Goal of the exercise> Two lines in the listing below mark the span: one contains "白银有色长通公司超微细电磁线生产现场。" and one contains "For the quarter". Reproduce both of them and everything between, exactly.

Data extracts>
Content starts

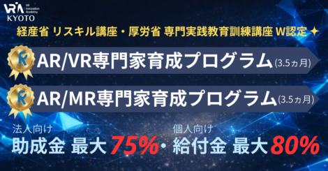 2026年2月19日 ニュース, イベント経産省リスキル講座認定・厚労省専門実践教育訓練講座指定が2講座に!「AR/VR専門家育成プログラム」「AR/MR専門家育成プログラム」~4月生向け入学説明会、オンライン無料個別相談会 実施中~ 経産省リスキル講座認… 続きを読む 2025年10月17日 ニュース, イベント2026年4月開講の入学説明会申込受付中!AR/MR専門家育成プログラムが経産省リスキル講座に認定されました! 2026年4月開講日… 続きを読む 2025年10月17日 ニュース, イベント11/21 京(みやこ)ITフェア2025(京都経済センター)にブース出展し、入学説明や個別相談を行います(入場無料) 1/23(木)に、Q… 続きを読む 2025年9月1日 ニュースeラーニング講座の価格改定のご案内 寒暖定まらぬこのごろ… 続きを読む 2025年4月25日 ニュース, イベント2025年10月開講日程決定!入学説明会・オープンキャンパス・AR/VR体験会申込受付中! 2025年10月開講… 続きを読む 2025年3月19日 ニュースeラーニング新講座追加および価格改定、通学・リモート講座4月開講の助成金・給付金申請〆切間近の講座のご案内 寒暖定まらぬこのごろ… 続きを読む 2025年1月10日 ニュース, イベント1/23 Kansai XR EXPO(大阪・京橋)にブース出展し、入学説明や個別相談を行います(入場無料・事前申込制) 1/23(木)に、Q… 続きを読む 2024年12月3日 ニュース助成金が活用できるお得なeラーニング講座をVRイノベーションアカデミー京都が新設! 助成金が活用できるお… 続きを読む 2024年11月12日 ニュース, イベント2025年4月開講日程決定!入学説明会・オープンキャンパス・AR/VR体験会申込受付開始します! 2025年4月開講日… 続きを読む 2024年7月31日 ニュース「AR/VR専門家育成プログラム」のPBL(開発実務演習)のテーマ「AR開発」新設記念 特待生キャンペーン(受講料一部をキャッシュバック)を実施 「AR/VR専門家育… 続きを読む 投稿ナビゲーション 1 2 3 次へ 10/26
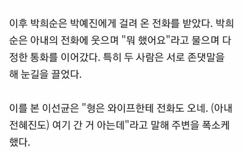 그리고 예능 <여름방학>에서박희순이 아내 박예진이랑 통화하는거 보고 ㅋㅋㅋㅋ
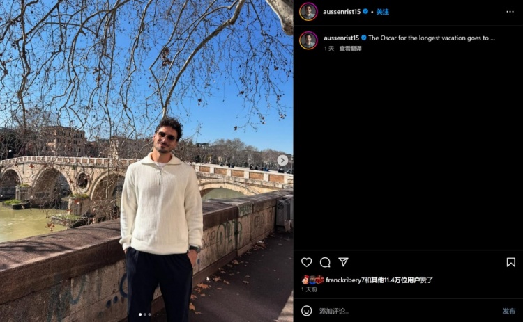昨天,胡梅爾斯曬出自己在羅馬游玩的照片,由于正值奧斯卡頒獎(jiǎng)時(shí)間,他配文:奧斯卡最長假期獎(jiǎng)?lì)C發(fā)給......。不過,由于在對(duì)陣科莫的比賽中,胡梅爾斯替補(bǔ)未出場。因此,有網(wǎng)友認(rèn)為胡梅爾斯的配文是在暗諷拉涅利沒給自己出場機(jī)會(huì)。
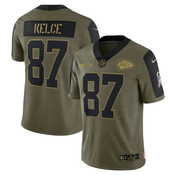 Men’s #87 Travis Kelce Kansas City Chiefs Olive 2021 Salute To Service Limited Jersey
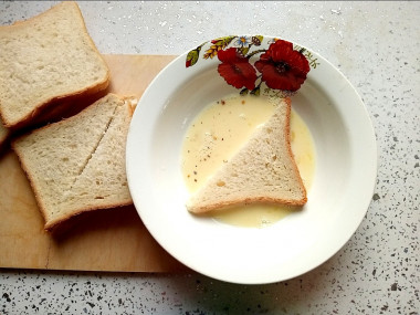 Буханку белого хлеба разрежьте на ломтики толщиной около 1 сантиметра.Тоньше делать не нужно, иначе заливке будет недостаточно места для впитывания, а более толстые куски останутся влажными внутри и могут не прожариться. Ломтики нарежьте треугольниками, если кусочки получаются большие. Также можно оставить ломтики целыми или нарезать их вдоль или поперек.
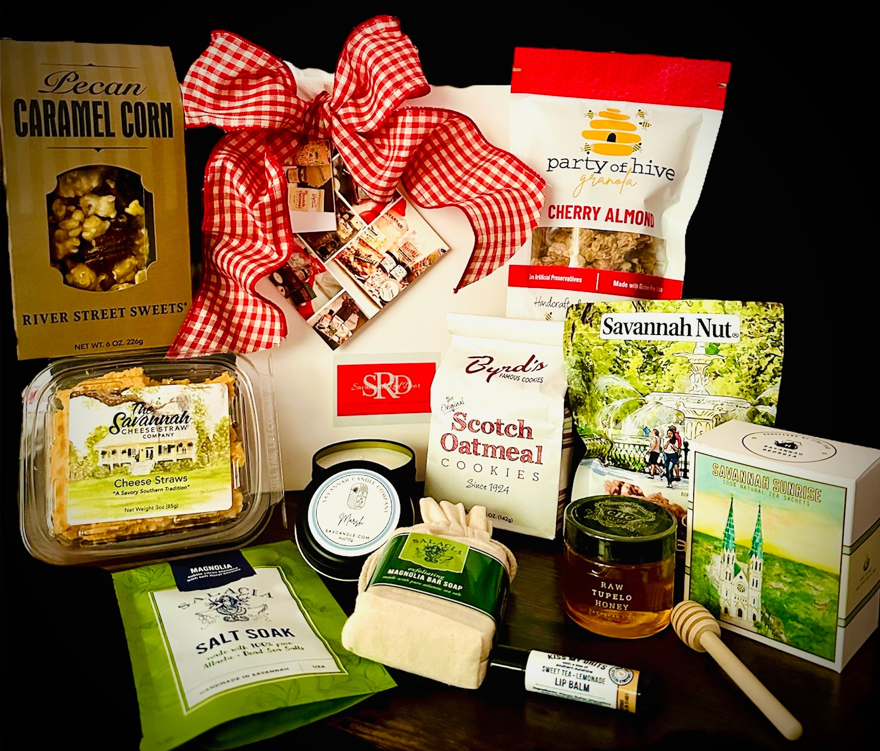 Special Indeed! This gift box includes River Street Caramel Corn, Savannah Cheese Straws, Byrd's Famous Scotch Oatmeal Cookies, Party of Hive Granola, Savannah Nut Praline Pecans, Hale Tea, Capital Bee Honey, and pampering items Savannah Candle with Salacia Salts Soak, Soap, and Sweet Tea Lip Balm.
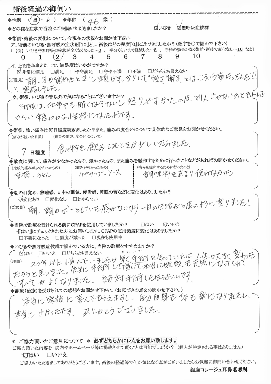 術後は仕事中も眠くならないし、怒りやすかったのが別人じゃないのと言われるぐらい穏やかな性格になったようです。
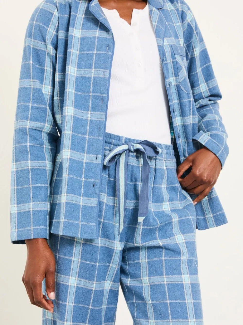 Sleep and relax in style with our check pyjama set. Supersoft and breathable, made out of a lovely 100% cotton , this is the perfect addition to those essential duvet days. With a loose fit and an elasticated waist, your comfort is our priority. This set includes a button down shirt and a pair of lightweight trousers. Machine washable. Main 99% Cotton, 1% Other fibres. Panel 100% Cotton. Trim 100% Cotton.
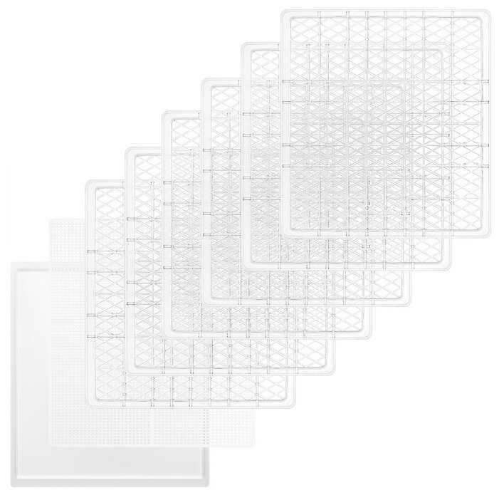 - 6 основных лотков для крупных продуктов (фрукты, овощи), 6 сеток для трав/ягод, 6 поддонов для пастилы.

Content ends
Content starts

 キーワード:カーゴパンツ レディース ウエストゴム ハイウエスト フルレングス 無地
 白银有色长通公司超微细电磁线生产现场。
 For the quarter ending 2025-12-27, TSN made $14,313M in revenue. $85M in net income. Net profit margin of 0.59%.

Content ends

Exercise solution>
 白银有色长通公司超微细电磁线生产现场。
 For the quarter ending 2025-12-27, TSN made $14,313M in revenue. $85M in net income. Net profit margin of 0.59%.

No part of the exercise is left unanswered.